# Best 2x2?



## gundamslicer (May 8, 2010)

Which 2x2 is better? Lanlan diansheng eastshen or rubiks?


----------



## Applemoes (May 8, 2010)

I'd say lanlan. The ES doesn't seem to cut corners as well (I've watched a lot of comparisons and reviews).

The rubiks is the worst! Seriously my rubiks 2x2 is the worst cube I've ever had in my hands, it can't even cut NOTHING! (almost) 

But yeah, the LL is awesome


----------



## Zane_C (May 8, 2010)

LL with pen springs FTW


----------



## Applemoes (May 8, 2010)

Zane_C said:


> LL with pen springs FTW



I decided to try that on my lanlan, but I only had a SINGLE pen with that sort of spring in the ENTIRE house. I mean wtf!? So now it has 2 pensprings and 1 normal haha  I can't feel where the regular is though so it's fine


----------



## vcuber13 (May 8, 2010)

I haven't tried a diansheng, but rubi's is horrific, ES overturns too easily, and I just got my LL yesterday and it is AMAZING!! (but the purple take a bit of time to get used to) and it dropped my average by over a second!


----------



## CubesOfTheWorld (May 8, 2010)

LanLan. Enough said.

PS: I put cubesmith fluorescent stickers on my LanLan, and silicone in it. Those are the only mods I have done. It is amazing.


----------



## JeffDelucia (May 8, 2010)

My lanlan is amazing but the others ive tried werent so good...


----------



## cincyaviation (May 8, 2010)

did you use the search function at all? there are at least 2 threads on this topic...


----------



## HASH-CUBE (May 8, 2010)

LanLan FTW, also i heard ghost hand 2x2 is awesome

but i use LanLan

@Zane_C: how this mod helps in the cube? if it worth it i might try it


----------



## DaijoCube (May 8, 2010)

LanLan and Ghost Hand are the best.
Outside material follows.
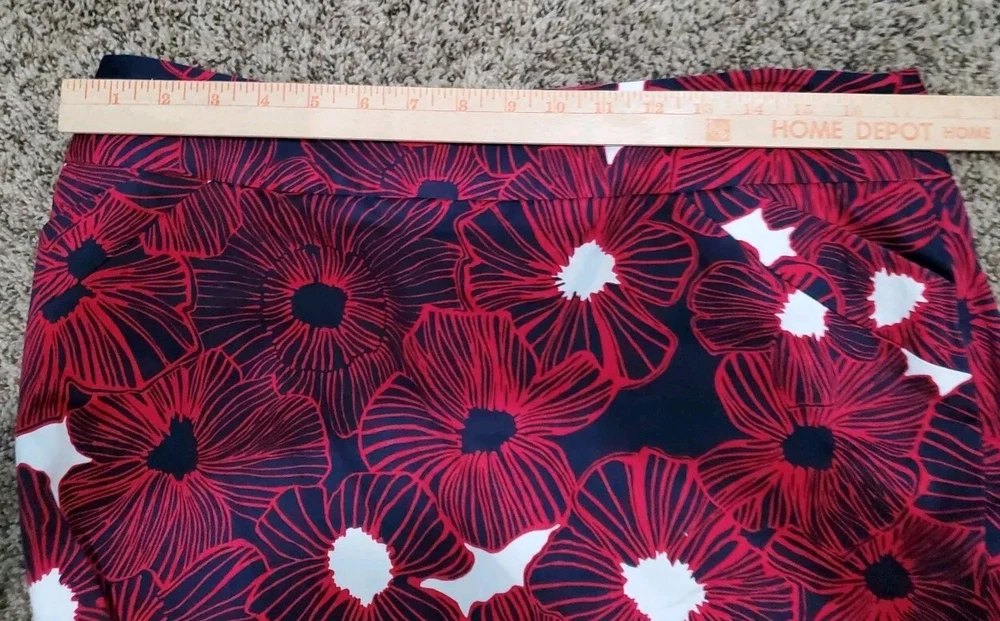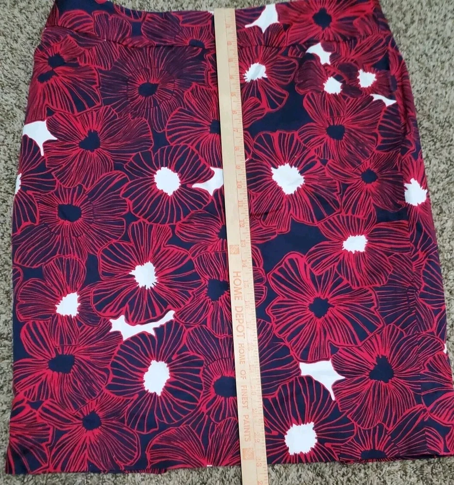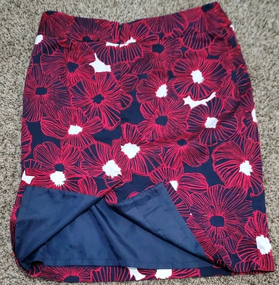 Charter Club Pencil Skirt Women's Size 14 Denim Tummy Control Blue Pink Flowers

Just flip a coin to decide


----------



## cincyaviation (May 8, 2010)

HASH-CUBE said:


> LanLan FTW, also i heard ghost hand 2x2 is awesome
> 
> but i use LanLan
> 
> @Zane_C: how this mod helps in the cube? if it worth it i might try it


the mod is very good, apparently the original lanlan springs obstruct turning, so when replaced with pen springs, it turns much better
see here


----------



## vcuber13 (May 8, 2010)

DaijoCube said:


> LanLan and Ghost Hand are the best. Just flip a coin to decide



And if it lands on the side?

Or just buy both


----------



## HASH-CUBE (May 8, 2010)

DaijoCube said:


> LanLan and Ghost Hand are the best. Just flip a coin to decide



Haha cool 



cincyaviation said:


> HASH-CUBE said:
> 
> 
> > LanLan FTW, also i heard ghost hand 2x2 is awesome
> ...



Thanks, i'll check it out


----------



## Dfgged (May 8, 2010)

HASH-CUBE said:


> DaijoCube said:
> 
> 
> > LanLan and Ghost Hand are the best. Just flip a coin to decide
> ...



All you have to do is flip the spring if that happens, loosens the tension without creating more pops!!


----------



## Edmund (May 8, 2010)

I hear Lanlan is nice but I'm fine with ES.


----------



## gundamslicer (Jul 7, 2010)

I got a ds and it's very good with jig a loo


----------



## cincyaviation (Jul 7, 2010)

gundamslicer said:


> I got a ds and it's very good with jig a loo


Way to bump a 2 month old thread that you don't seem to know you created.


----------



## bigbee99 (Jul 7, 2010)

cincyaviation said:


> gundamslicer said:
> 
> 
> > I got a ds and it's very good with jig a loo
> ...



Lol, I found this hilarious. 

On topic: my lanolin is my main, but i had to get 4 lanlans to find one thats really good, so they are inconsistient


----------



## cincyaviation (Jul 7, 2010)

bigbee99 said:


> cincyaviation said:
> 
> 
> > gundamslicer said:
> ...



I know, my lanlan sucked compared to all of my friend's ones, i had to spring mod and lube mine to get it as good as theirs.


----------



## pcuber (Jul 8, 2010)

what about the maru 2x2?


----------



## AnthonyH (Jul 8, 2010)

LL, SS, DS is alright and maru.
Marus are quite slow but have good corner cutting and an amazing feel.


----------



## Toquinha1977 (Jul 8, 2010)

Go for the Rubik's Super 2x2x2! It's SUPER!

Okay, the Rubik's 2x2x2 was probably one of the reasons why I never got into 2x2x2 speedsolving, but now that I have my DS, it's something I can work on. Interestingly, more expensive than the LLs over at Lightake, even though LLs tend to be more preferred, I found it to be pretty good right out of the package.


----------



## SpUtnikCub3r (Jul 8, 2010)

SS is good as well


----------